Policy Strategists: Designing the International Agreement

Type of international agreement: Determine the most effective avenues for securing an international agreement. For a given red line, should we prioritize:
- a UN Security Council resolution
- a UN General Assembly resolution,
- an agreement within the G7 (e.g., following the Hiroshima AI Process).
- or a bilateral agreement/coalition of the willing formed at an international summit? (optimizing for speed)
Historical analysis: Examine the primary historical pathways to international agreements. For instance, what were the necessary initial conditions for the Montreal Protocol? How did 195 countries with very different levels of implications in the matter successfully converge to ban ozone-depleting gases?
Specific Goal: How fast can red lines be negotiated?
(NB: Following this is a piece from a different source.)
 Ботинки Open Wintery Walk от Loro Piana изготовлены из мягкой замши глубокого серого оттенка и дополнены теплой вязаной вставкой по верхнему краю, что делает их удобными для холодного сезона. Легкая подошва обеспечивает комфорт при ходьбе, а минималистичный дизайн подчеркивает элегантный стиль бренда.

How quickly have regulatory red lines been established and enforced in prior cases involving emerging technology risks? What factors predicted rapid vs. slow adoption? Many ways to accelerate are listed here. *
Fallback Strategies: What are the alternative strategies if the international red lines plan fails?

* For example, time pressure is one of the common elements of fast international agreements. From credible threat to global treaty in under 2.5 years:

1974: Scientists first warn of ozone depletion from CFCs.
May 1985: The discovery of the Antarctic ozone hole creates a massive, undeniable sense of urgency.
Dec 1986: Formal negotiations begin.
Sept 1987: The Montreal Protocol is signed.
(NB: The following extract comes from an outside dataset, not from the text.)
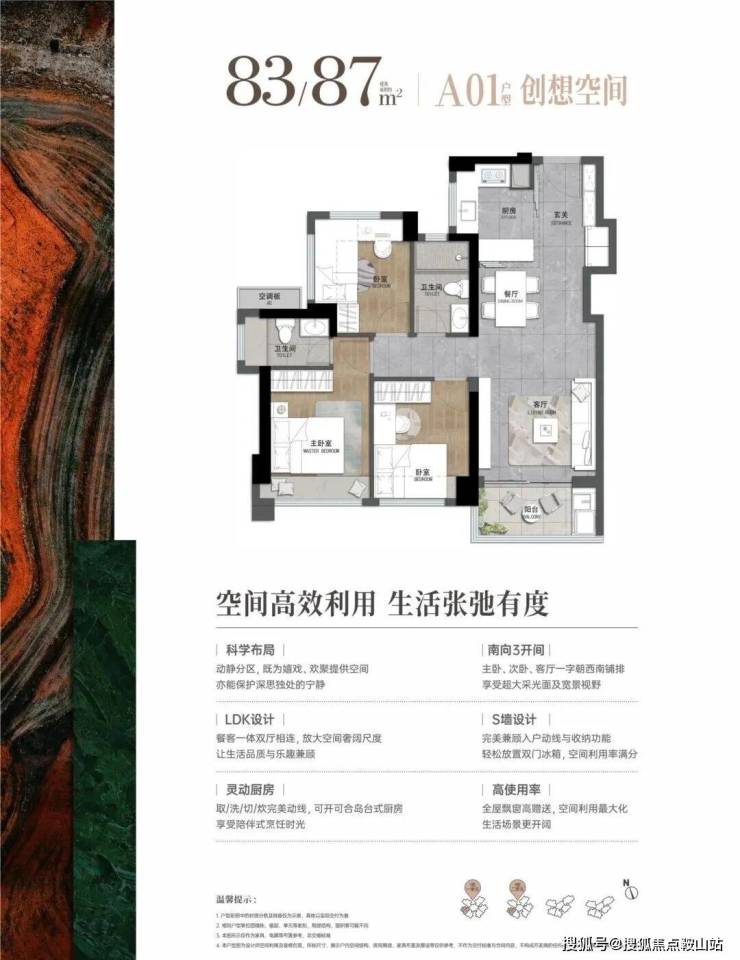 83-87平:3房2厅2卫,套内净使用率在80%,西南朝向

Policy Advocacy: Stakeholder Engagement

Finding our champions: Identify and engage key actors in AI governance who could champion an international agreement. Costa Rica and Spain organized the UN's Global Dialogue. The UK initiated the AISI and the AI Safety Summits. Who could be the champion now?
Coordination with the ecosystem: Develop a multi-stakeholder "all-stars paper" in which key partner institutions contribute a section outlining their roles in achieving an international agreement.
Existing International Commitments: It is essential to demonstrate to diplomats that we are not starting from scratch, as evident in this FAQ. This work would involve fleshing out those answers with what States have said in international fora, such as the UN and the OECD. An example of such work is this brief analysis of the last high-level UN Security Council session, which shows that nearly all members support regulating AI or establishing red lines.

Technical Governance: Identifying Good Red Lines

Red lines are one of the only ways to prevent us from boiling the frog. I don’t think there will necessarily be a phase transition between today’s GPT-5 and superintelligence. I don’t expect a big warning shot either. We may cross the point of no return without realizing it. Any useful red lines should be drawn before the point of no return.
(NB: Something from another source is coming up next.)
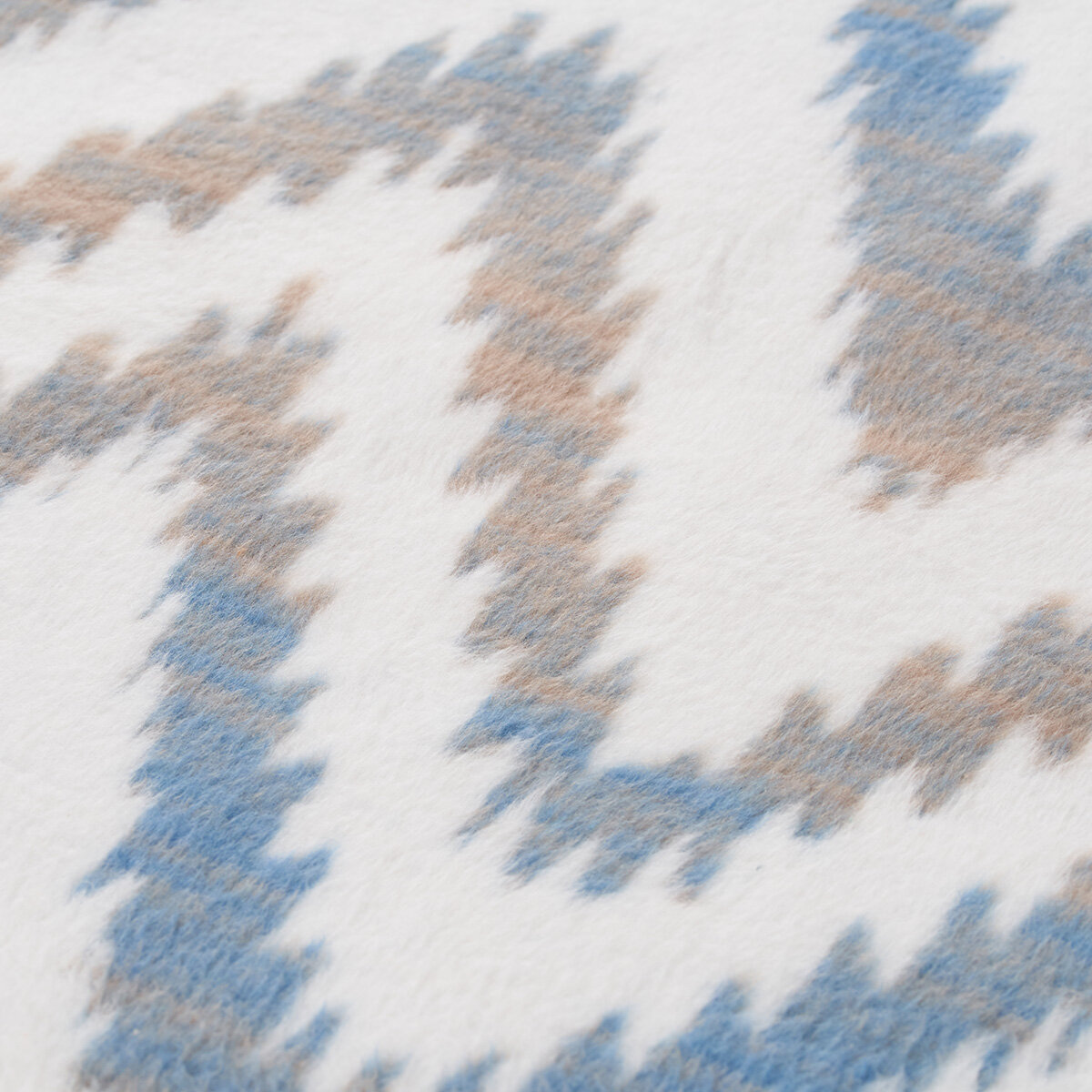 Дизайн пледа выполнен в кантри стиле с геометрическим орнаментом в природной палитре приятных оттенков терракотово-красного, кофейно-молочного, оливкового, небесно-голубого и белого цветов. Края пледа декорированы бахромой.

Conducting a survey: Develop and conduct a survey to determine which specific red lines to prioritize and which mechanisms are most effective for implementation. This could take the form of a broad survey of civil society organizations or citizens' jury deliberations.
Paper analyzing pros & cons of different red lines: Analyzing the pros and cons of implementing red lines and assessing the potential costs of such implementation. Some red lines could be net negative, and we should probably focus only on those that pose severe international risks. [Footnote: Some red lines could be pretty net negative. When GPT-2 was published, OpenAI was scared of publishing it and releasing the weights. However, we now know that it would probably have been an error to try to ban GPT-3-level models. We don’t want to cry wolf too soon, (and at the same time, it was very reasonable with the data that we had at this point to be very cautious with the next version of GPT).]
Identifying specific red lines where geopolitical rivals can agree? What AI capabilities do potential adversary states (based on public statements, military doctrine, strategic analysis, etc) themselves fear or consider destabilizing? This would require writing a paper similar to this one but focused on red lines, In Which Areas of Technical AI Safety Could Geopolitical Rivals Cooperate? This might be especially useful in helping US stakeholders support the Red Lines initiative.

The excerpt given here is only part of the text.